When: We went in the late afternoon, but found that they were just about to close and we had to rush through. Early morning would probably be the best time to visit here.


This could have been lumped into the general San Blas bullet point as an aforementioned hipster coffee shop, but we went here multiple times and it felt cute enough to get its own paragraph. This café was one of our favorite spots for coffee, juice and snacks! And it has a beautiful view of the streets of San Blas.

Open: 8:15am – 7pm

Where: Atoqsayk’uchi, Cusco 08000, Peru

When: Whenever you’re on the street below, just look up and see whether the most ideal window seat overlooking the streets of San Blas is unoccupied. If nobody’s there, GO FOR IT!


This stone is one of the most famous examples of Incan architecture, and is part of the wall for the Archbishop’s Palace in Cusco (a popular Moorish-style museum). Since the stone is on the outer wall, it’s worth walking by on your way from Plaza de Armas to the San Blas district.

NOTE: I am not near the actual specific 12-angled stone in this shot. It was too crowded, so I settled for this other wall spot. You know.

Where: Calle Hatunrumiyoc 480, Cusco 08000, Peru

When: As is evidenced by my photo NOT actually with the 12-angled stone, it gets very crowded in this alleyway midday. If you want to get a good look at the stone, I’d suggest early morning.


San Cristobal is another church located on a hillside overlooking the main square of Cusco. While it’s quite difficult to make the trek up if you’re not acclimated to the altitude yet, the views are really something spectacular. The bell tower in particular is a great vantage point!

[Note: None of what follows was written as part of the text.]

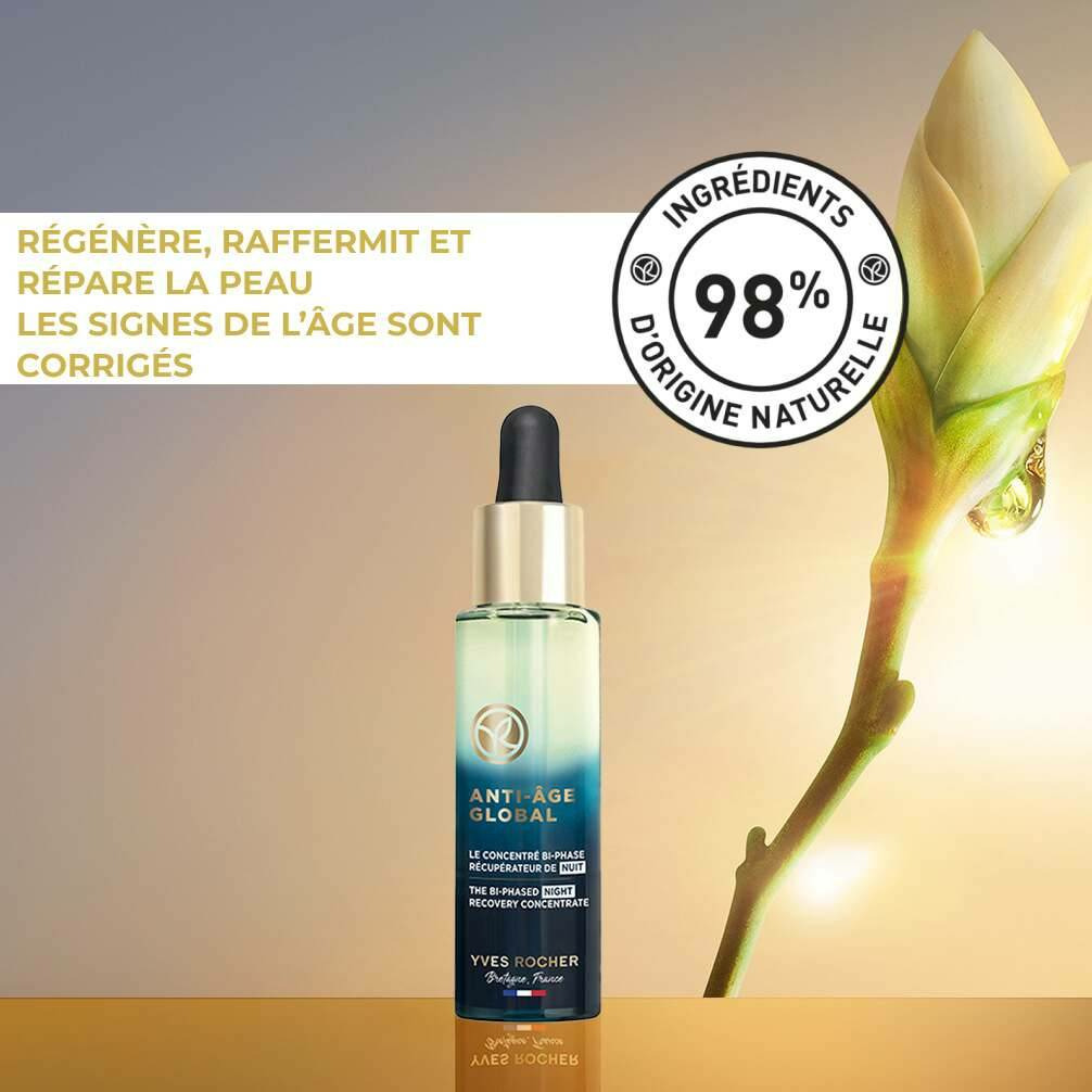 Réveillez votre peau avec une nouvelle énergie chaque matin. Le Concentré Bi-Phase Récupérateur de Nuit d’Yves Rocher agit pendant votre sommeil pour révéler une peau visiblement plus ferme et régénérée.

Where: Resbalosa, Cusco 08000, Peru


This is one of the most vibrant markets in Cusco, and visiting will fill your eyes, ears and nostrils with so many different colors, sounds and smells. This is a fun place to peruse and could even be a one stop shop for food and souvenirs—as long as you have no issues with bartering!


Open: 9am – 6pm

Where: On Calle Santa Clara between Thupaq Amaru & Cascaparo


If I’m being honest, the only reason to stop by here is if you’re already headed to Saqsaywaman, since they’re a 5-10 minute walk from each other. The views are lovely looking down on Cusco, and it’s fun to see the 8-meters (26-feet) Cristo Blanco. However, it’s very difficult to take photos with him due to a fence that was put up around him.

(Fun fact—the statue was a gift from Palestinian Christians who sought refuge in Cusco after WWII!)

Cost: Free!

Open: 8am – 7pm (although I’m not sure how they’d moderate this since it’s on an open hilltop!)


1 thought on “The Ultimate Photo Guide to Cusco”

  1. This is such a wonderful post!! Love all of the details and your gorgeous photography!! Can’t wait to visit these places someday!!